Castle in Essex, England

Hedingham Castle, in the village of Castle Hedingham, Essex, is arguably the best preserved Norman keep in England. The castle fortifications and outbuildings were built around 1100, and the keep around 1140. However, the keep is the only major medieval structure that has survived, albeit less two turrets. It is a Grade I listed building and a scheduled monument. The keep is open to the public.

==Description==
The manor of Hedingham was awarded to Aubrey de Vere I by William the Conqueror by 1086. The castle was constructed by the de Veres in the late 11th and early 12th centuries, and the keep in the 1130s and 1140s. To accommodate the existing castle, a large ditch was cut through a natural spur westward into the Colne Valley in order to form a ringwork and inner bailey; an outer bailey extended south further into the valley and what is now the modern village of Castle Hedingham. The stone keep is the only mediaeval structure to survive, and is in an excellent state of preservation.

The keep is nearly square, a common shape for Norman keeps. The east and west sides are 53 ft long and the north–south sides about 58 ft. The main part of the keep stands more than 70 ft tall, and the turrets rise an additional 15 to 25 ft above the parapets, commanding the countryside around it from its elevated position atop the ringwork. The walls are about 11 ft thick at the base and average 10 ft thick at the top. They are constructed from flint rubble bound with lime mortar, but, very unusually for an Essex castle, are faced with ashlar stone transported from a quarry in Barnack, Northamptonshire.

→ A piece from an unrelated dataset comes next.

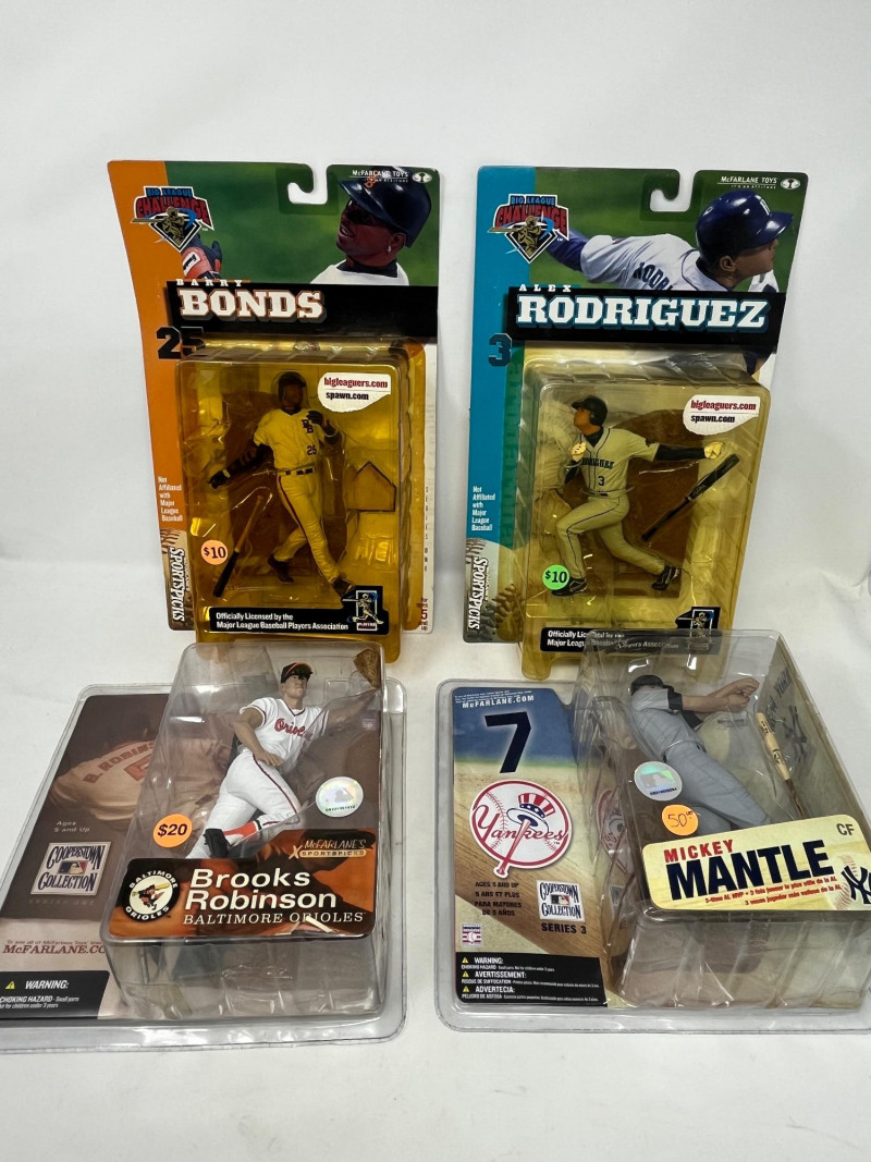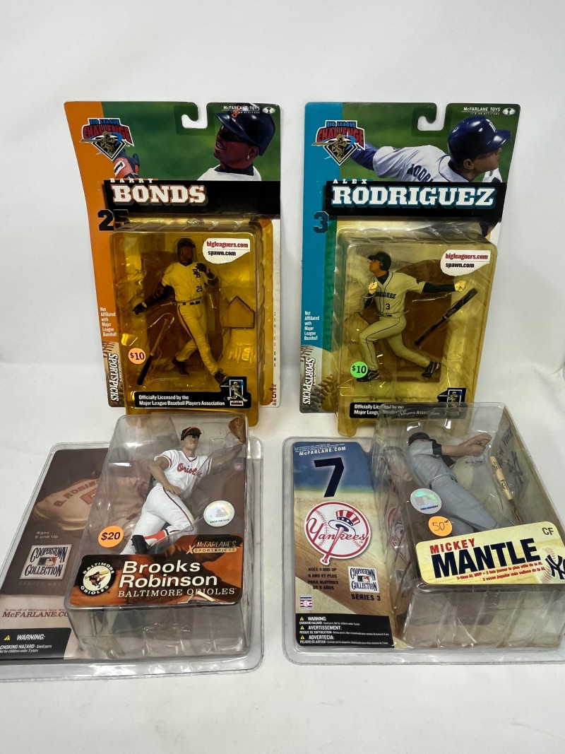 Lot of 4 McFarlane & Spawn Figurines MLB Spawn: Barry Bonds and Alex Rodriguez Series 1 MacFarlane: Brooks Robinson Legends Series 1 & Mickey Mantle Legends Series 3

The keep has five floors including the Great or Banqueting Hall with a large fireplace and a central arch extending two storeys. The top floor may have been added around the 15th century, replacing a pyramid-shaped roof. This is a recent theory, however, and many older sources have noted the similar plans of Hedingham Castle and Rochester Castle, which was begun about 1126 and has four floors and four turrets.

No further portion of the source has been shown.